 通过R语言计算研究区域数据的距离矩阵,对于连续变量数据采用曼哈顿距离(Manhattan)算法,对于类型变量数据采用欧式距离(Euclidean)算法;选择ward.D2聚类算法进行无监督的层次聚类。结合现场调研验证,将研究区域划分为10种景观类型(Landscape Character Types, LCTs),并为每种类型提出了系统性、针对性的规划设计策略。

• • • • • • •

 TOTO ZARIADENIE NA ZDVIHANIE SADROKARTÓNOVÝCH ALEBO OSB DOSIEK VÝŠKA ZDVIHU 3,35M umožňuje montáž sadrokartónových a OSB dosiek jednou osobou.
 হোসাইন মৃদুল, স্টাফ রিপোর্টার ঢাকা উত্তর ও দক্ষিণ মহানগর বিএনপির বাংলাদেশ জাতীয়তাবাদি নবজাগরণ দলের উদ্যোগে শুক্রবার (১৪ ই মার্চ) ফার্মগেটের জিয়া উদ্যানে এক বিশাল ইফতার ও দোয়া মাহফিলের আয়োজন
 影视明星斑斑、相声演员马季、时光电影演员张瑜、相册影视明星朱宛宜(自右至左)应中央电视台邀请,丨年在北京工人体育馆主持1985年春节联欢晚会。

• • • • • • •

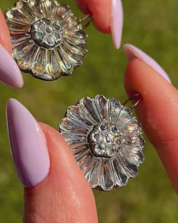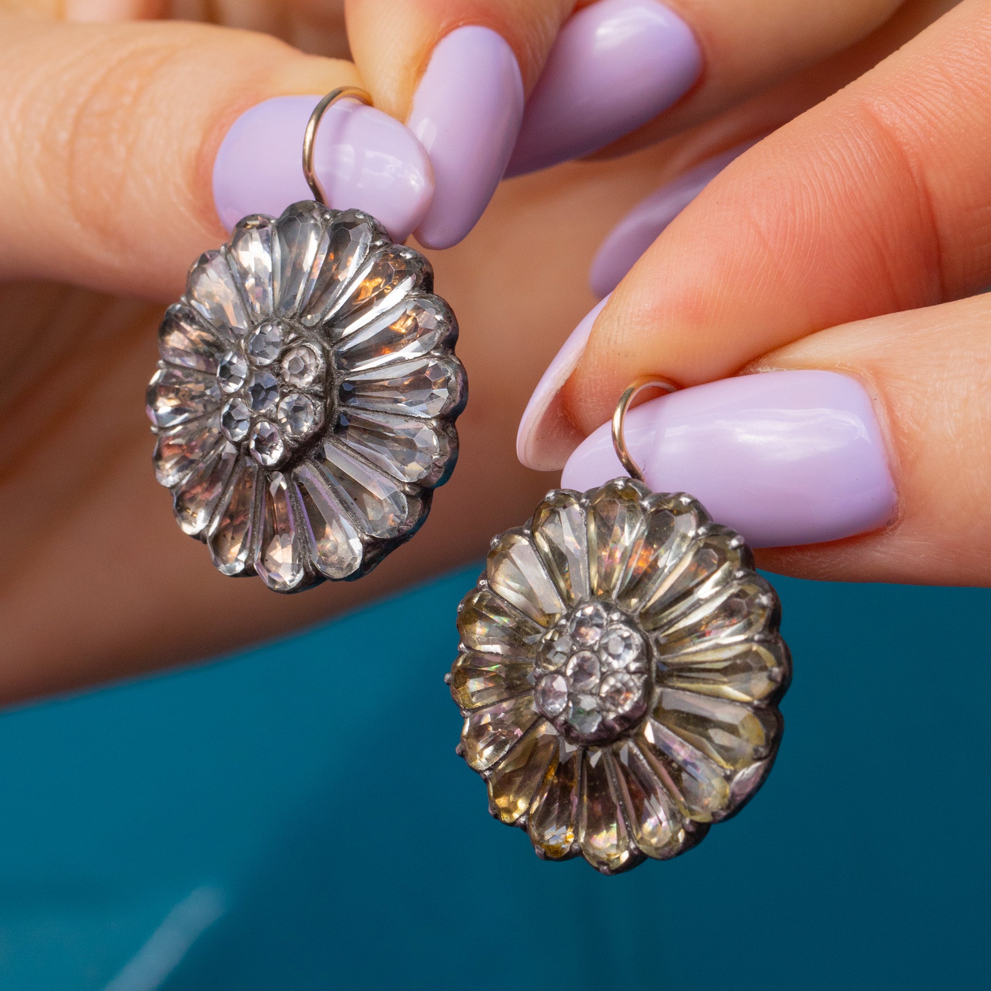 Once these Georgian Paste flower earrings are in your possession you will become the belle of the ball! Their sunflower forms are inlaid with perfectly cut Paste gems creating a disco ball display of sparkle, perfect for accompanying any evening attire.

• • • • • • •

Search the listing above for the lines with "হোসাইন মৃদুল, স্টাফ" and "影视明星斑斑、相声演员马季、", then output those lines and all lines between them exactly.

* [SOLUTION BELOW]:
 হোসাইন মৃদুল, স্টাফ রিপোর্টার ঢাকা উত্তর ও দক্ষিণ মহানগর বিএনপির বাংলাদেশ জাতীয়তাবাদি নবজাগরণ দলের উদ্যোগে শুক্রবার (১৪ ই মার্চ) ফার্মগেটের জিয়া উদ্যানে এক বিশাল ইফতার ও দোয়া মাহফিলের আয়োজন
 影视明星斑斑、相声演员马季、时光电影演员张瑜、相册影视明星朱宛宜(自右至左)应中央电视台邀请,丨年在北京工人体育馆主持1985年春节联欢晚会。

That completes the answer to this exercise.